PGA Tour Confidential: Does Fred Couples deserve to be in Hall of Fame?

Fred Couples
Chris Condon / Getty Images
Fred Couples was elected to the World Golf Hall of Fame's class of 2013.

The SI Golf Group conducted a special edition of its weekly e-mail roundtable to discuss Fred Couples's induction to the World Golf Hall of Fame. Check in every week for the unfiltered opinions of our writers and editors and join the conversation in the comments section below.

Charlie Hanger, executive editor, Golf.com: Ok, Confidentialists, pop quiz: Did Fred Couples deserve to get into the Hall of Fame? Also, if you're a voter, did you give him the nod?

David Dusek, deputy editor, Golf.com: Fred Couples did NOT deserve to be voted into the World Golf Hall of Fame. That building should be reserved for the game's all-time greats, and with 15 PGA Tour wins and one major title to his credit, Couples doesn't qualify. I have to believe his popularity, successful Presidents Cup captaincies, two Players Championships wins, and eight Champions Tour wins put him over the top. Freddie never dominated the game, even during his three-win season of 1992, and while being a member of five Presidents Cup and five Ryder Cup teams is impressive, he only appeared on 51% of the Hall of Fame ballots. Mark O'Meara has two majors and 16 PGA Tour wins. What's he thinking about now?
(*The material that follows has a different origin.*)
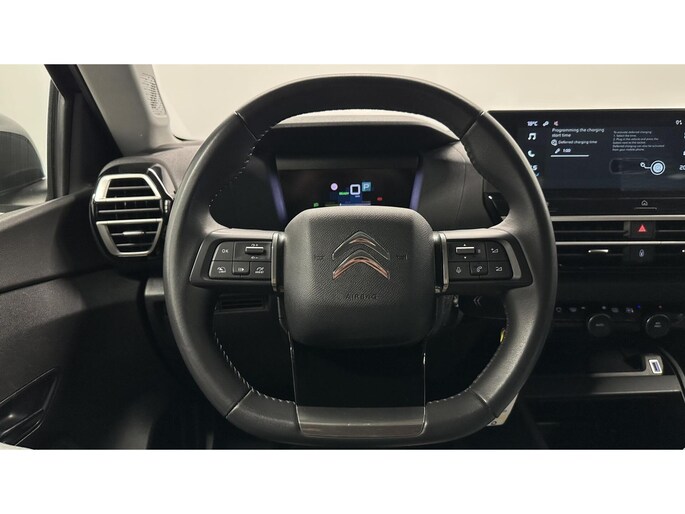 Milieubewust rijden en elke kilometer genieten. Het kan met deze elektrische Citroen Ë-C4 X. CO2-uitstoot? Met de elektromotor rijdt u stil en schoon! Het interieur is luxe uitgevoerd met leren bekleding. De comfortstoelen van deze Citroen Ë-C4 X staan bekend om hun goede zithouding. Ook is de auto voorzien van: 18 inch lichtmetalen velgen, Full LED koplampen, adaptief dempingsysteem, geluidsisolerende ramen, in delen neerklapbare achterbank en verstelbare lendensteunen.

Alan Shipnuck, senior writer, Sports Illustrated: I agree with Deuce. The vote should be on merit, not popularity. Fred deserves a place in a Hall dedicated to potential or natural talent, but not one based on achievement. I'm a voter, and he didn't get the nod from me.

Jeff Ritter, senior producer, Golf.com: O'Meara got 36 percent of the vote, so I'd say he should be thinking about his induction speech for 2015 or '16. Can't remember where I read it, but I recall a voter for the MLB Hall once saying that when he considered his ballot, he'd ask himself, "Can I tell the story of the sport without mentioning this player?" If the answer was no, that player got his vote. In the case of Freddy and golf, you can probably still tell the story, but it'd be a much less interesting tale.

Michael Bamberger, senior writer, Sports Illustrated: The vote came before his Senior British win in July. Even after that, however, I feel like he needs at least one more real -- there are three -- senior major win. I did not vote for him even though I loved the way he fished the ball out of the creek on 12 at Augusta 20 years ago.

Charlie Hanger, executive editor, Golf.com: At this point, I think the Hall will be inducting a lot of people who have marginal victory totals but have impacted the game in other ways. Fred's been one of the most marketable and popular golfers on the planet for more than 30 years, and he's also established himself as an elder statesman with his Presidents Cup captaincy. If "merit" is only a matter of wins, then he's not quite there. If "merit" can encompass a larger impact on the game, then I think he's worthy.

Jim Herre, managing editor, SI Golf Group: Fred's like the cool guy in high school -- everything comes easy. That's the way he plays golf, effortlessly. He has a big game but his swing graceful and unique, kind of like Vijay's is. Kind of like Snead's was. The one thing that didn't come easily was putting, and Couples left a lot of titles on the table because of it. I still enjoy watching him play but didn't vote for him because the numbers could have been so much better.

Ryan Reiterman, senior producer, Golf.com: Freddie is like Joe Namath -- he didn't accomplish as much as some other hall of famers, but it would be really weird to not see him enshrined.

Cameron Morfit, senior writer, Golf Magazine: Does seem like the criteria is pretty much whatever it needs to be that day. If he had the exact same record but was not an icon of cool, he isn't in.

Stephanie Wei, contributor, SI Golf+: Yes, Freddie deserved to get in. Sure, he "only" has one major, and with his talent he could have won more in general, but his impact on golf goes far beyond that. When I was a kid, Freddie was my hero, and I know many golfing children of the 90s would say the same. He made golf look cool. I'm a little biased being from Seattle, but I took my first lessons at Jefferson Park, where Freddie played growing up. I remember the pro showing me the plaques and pictures they had on a wall honoring Freddie, which was very inspiring for my 10-year-old self -- and motivated me to take up the game.

Jim Gorant, senior editor, Sports Illustrated: Not a fan. Few have done less with more talentwise.

Mike Walker, senior editor, Golf Magazine: Let's stop pretending the World Golf Hall of Fame is Cooperstown. Without a change in the unofficial criteria -- 20 wins plus 1 major, 15 wins plus 2 majors, or multiple majors -- soon we won't be able to induct anyone, as Michael Bamberger warned earlier this year. Couples is part of the story of golf over the last 25 years. He belongs in the Hall. His resume might look marginal now, but it won't during Luke Donald's Hall of Fame weekend.